Required action:
Taking the line with "Látka Rebrovaný úplet" as the first and the line with "大きくシワが入って変形したセ" as the last, set down the lines below exactly, pictures excluded.

Data in this exercise:
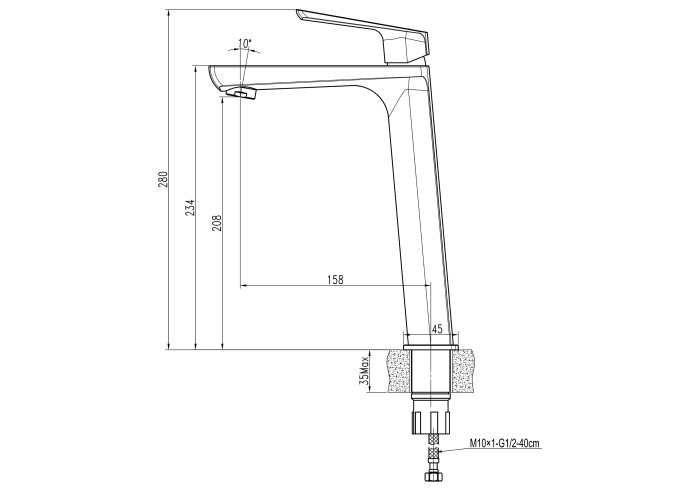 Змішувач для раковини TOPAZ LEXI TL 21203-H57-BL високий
==
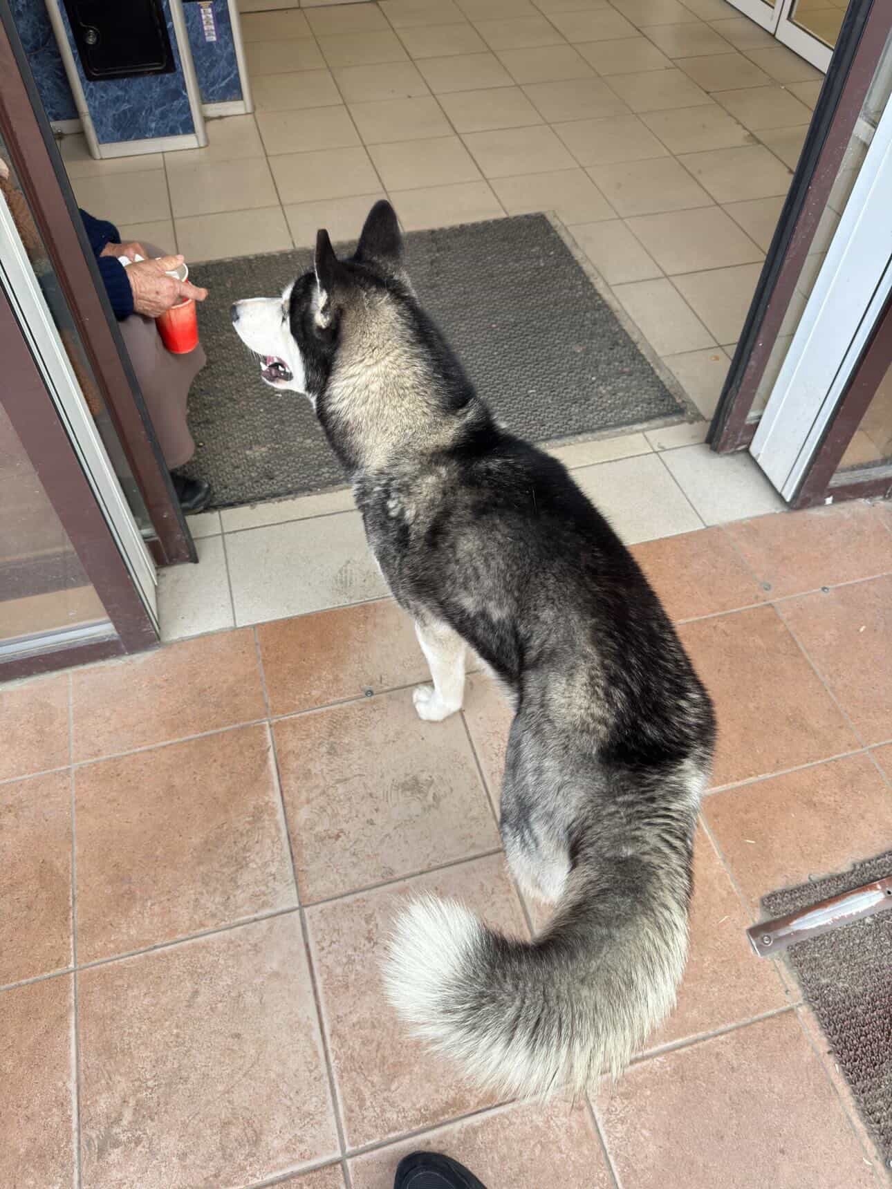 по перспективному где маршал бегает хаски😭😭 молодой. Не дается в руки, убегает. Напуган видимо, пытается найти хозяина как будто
--
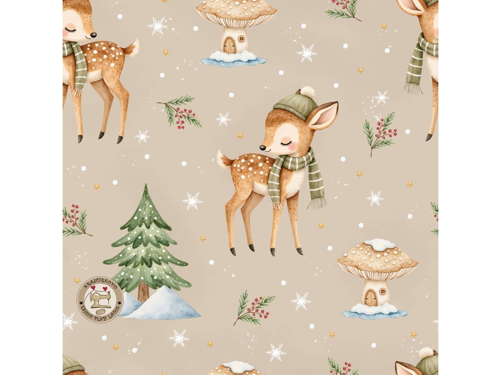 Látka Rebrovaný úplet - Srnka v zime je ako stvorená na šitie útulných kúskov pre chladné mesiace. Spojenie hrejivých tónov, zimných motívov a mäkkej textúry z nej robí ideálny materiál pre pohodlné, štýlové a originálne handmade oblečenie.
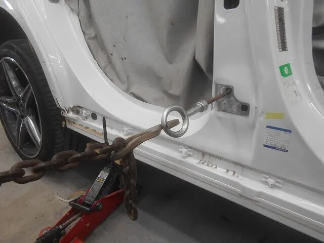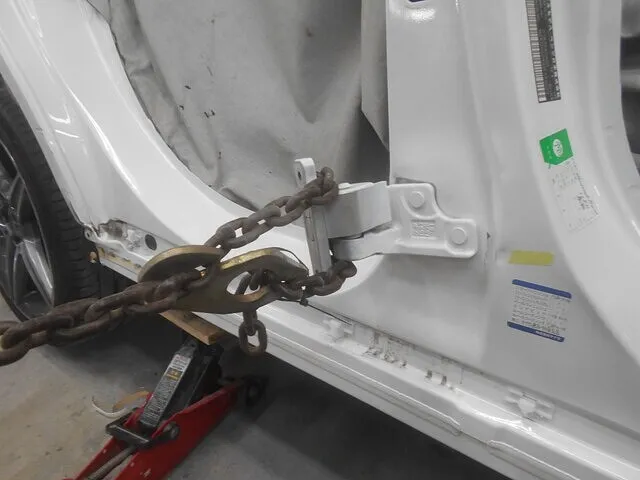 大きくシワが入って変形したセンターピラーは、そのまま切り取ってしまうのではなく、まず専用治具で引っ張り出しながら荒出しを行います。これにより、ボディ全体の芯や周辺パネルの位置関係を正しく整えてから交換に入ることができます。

Reply to the exercise:
 Látka Rebrovaný úplet - Srnka v zime je ako stvorená na šitie útulných kúskov pre chladné mesiace. Spojenie hrejivých tónov, zimných motívov a mäkkej textúry z nej robí ideálny materiál pre pohodlné, štýlové a originálne handmade oblečenie.
 大きくシワが入って変形したセンターピラーは、そのまま切り取ってしまうのではなく、まず専用治具で引っ張り出しながら荒出しを行います。これにより、ボディ全体の芯や周辺パネルの位置関係を正しく整えてから交換に入ることができます。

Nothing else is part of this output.